It takes a lot to shake confidence in Reliance Industries Ltd, 500325 0.80%▲ India’s most valuable company. An unprecedented windfall tax on fuel exports, which pushed the stock down by as much as 9% on Friday, seemed to do the trick.
But even a big new tax isn’t enough to end bumper profits at the firm’s energy wing—thanks to cheap Russian oil.
On Friday, India joined the U.K. and Italy in announcing new taxes on energy companies to finance a ballooning fiscal deficit. India’s government said diesel and gasoline exports would attract levies of 13 rupees—equivalent to around 16 cents—and 6 rupees per liter, respectively. No sunset date has been given.

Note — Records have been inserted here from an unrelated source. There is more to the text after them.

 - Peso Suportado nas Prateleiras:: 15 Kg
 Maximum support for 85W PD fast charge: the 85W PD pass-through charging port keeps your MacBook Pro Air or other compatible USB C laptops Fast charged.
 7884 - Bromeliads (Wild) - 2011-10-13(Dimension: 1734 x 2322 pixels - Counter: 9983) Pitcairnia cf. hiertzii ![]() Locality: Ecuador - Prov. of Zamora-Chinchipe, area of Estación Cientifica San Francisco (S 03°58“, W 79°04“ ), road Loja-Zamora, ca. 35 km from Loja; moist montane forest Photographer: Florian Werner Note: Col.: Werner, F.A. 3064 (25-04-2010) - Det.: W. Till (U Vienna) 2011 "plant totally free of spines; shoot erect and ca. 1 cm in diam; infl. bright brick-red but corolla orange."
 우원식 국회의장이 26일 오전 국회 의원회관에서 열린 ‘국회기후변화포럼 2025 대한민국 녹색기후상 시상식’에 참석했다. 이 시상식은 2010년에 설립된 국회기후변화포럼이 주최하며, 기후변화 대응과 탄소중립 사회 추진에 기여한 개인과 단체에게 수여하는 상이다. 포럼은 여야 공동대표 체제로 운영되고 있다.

Reliance shares, after their steep drop, regained a bit of ground by the end of the day Friday and were flat Monday.
Reliance, India’s top fuel exporter, has seen its gross refining margin shoot through the roof as an energy crisis has gripped the world following Russia’s invasion of Ukraine. Last week, Reliance’s GRM stood at a sky-high $24 to $26 per barrel, according to Morgan Stanley estimates. It isn’t surprising the government wants a share of the wealth.

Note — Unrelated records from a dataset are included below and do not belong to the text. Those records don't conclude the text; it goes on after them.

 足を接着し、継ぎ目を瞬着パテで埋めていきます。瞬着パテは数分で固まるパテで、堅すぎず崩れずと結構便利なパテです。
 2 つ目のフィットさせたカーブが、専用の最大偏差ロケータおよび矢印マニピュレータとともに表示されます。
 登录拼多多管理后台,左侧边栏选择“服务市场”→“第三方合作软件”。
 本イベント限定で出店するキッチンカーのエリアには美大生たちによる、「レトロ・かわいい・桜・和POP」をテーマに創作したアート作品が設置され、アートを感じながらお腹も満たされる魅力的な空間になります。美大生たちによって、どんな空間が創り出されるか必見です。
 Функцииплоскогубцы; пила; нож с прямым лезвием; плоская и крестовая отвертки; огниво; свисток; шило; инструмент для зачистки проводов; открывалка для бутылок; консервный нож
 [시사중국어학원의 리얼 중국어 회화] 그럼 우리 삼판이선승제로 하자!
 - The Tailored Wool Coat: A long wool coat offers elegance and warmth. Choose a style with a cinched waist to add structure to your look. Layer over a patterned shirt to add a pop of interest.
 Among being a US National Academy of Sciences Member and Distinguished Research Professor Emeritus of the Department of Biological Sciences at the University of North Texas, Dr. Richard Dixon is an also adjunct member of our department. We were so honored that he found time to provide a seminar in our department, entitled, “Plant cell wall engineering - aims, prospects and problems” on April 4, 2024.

Reliance exports about 58% of its refined products, according to brokerage Jefferies, meaning it is particularly exposed to this new tax. Analysts expect Reliance’s GRM to contract by $7 to $12 per barrel.
However, GRM levels are already at extreme levels. Reliance’s GRM stood at only $9.7 per barrel in fiscal year 2022 and $5.9 per barrel in fiscal year 2021, according to Nomura estimates. It expects Reliance’s GRM at $16.5 per barrel in fiscal 2023, helped by a sharp increase in discounted Russian crude in the mix
Reliance’s Jamnagar refinery has increased Russian crude imports substantially in the past three months, according to a Bernstein analysis of Kpler data. Russian crude now accounts for 25% of the total imported oil being refined at Jamnagar, up from just 5% historically.

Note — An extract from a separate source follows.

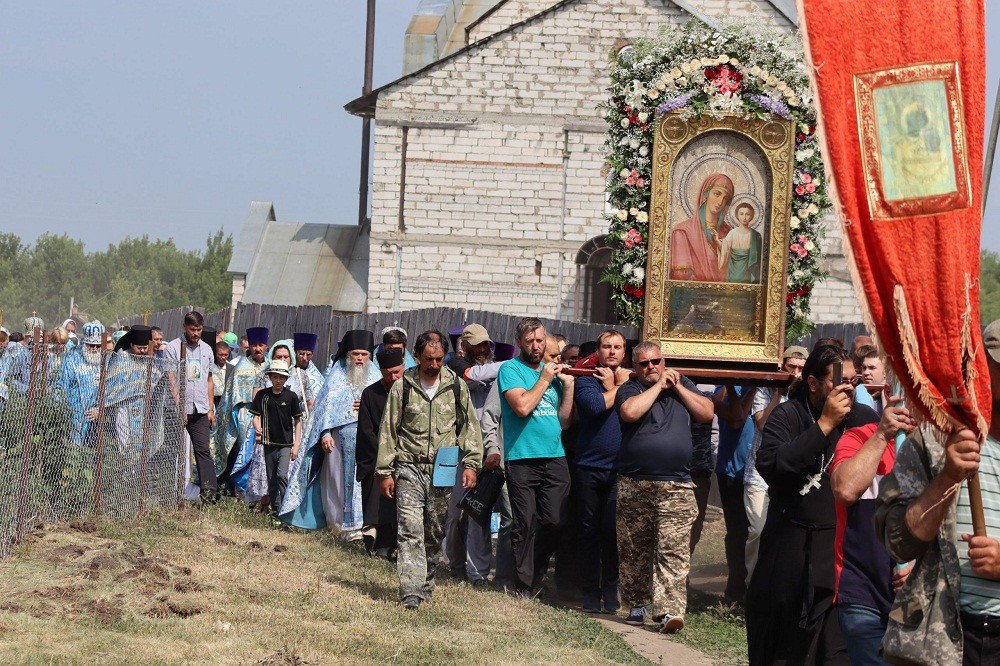 После богослужения, по случаю престольного праздника, был совершен крестный ход вокруг обители с чудотворной Коробейниковской иконой.
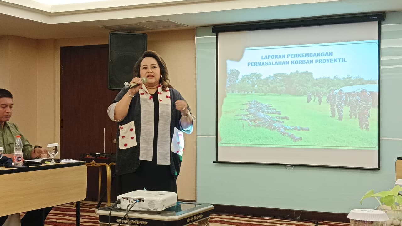 Kuasa Hukum Danmenbanpur 2 Kolonel Marinir Rizal, Nina Yanti, saat menerangkan hukum di Meeting Marinir, Minggu, 12 April 2026.-Agustinus Fransisco-Harian Disway

The performance of Reliance shares, even after the windfall tax was introduced, actually tells a pretty compelling story about investors’ expectations. The stock has gained 2% since the beginning of the year versus the broader Indian benchmark S&P BSE Sensex’s 9% loss.
Extraordinary refinery earnings will get capped by the new taxes. But Reliance will continue to benefit from the West’s deteriorating relationship with Russia.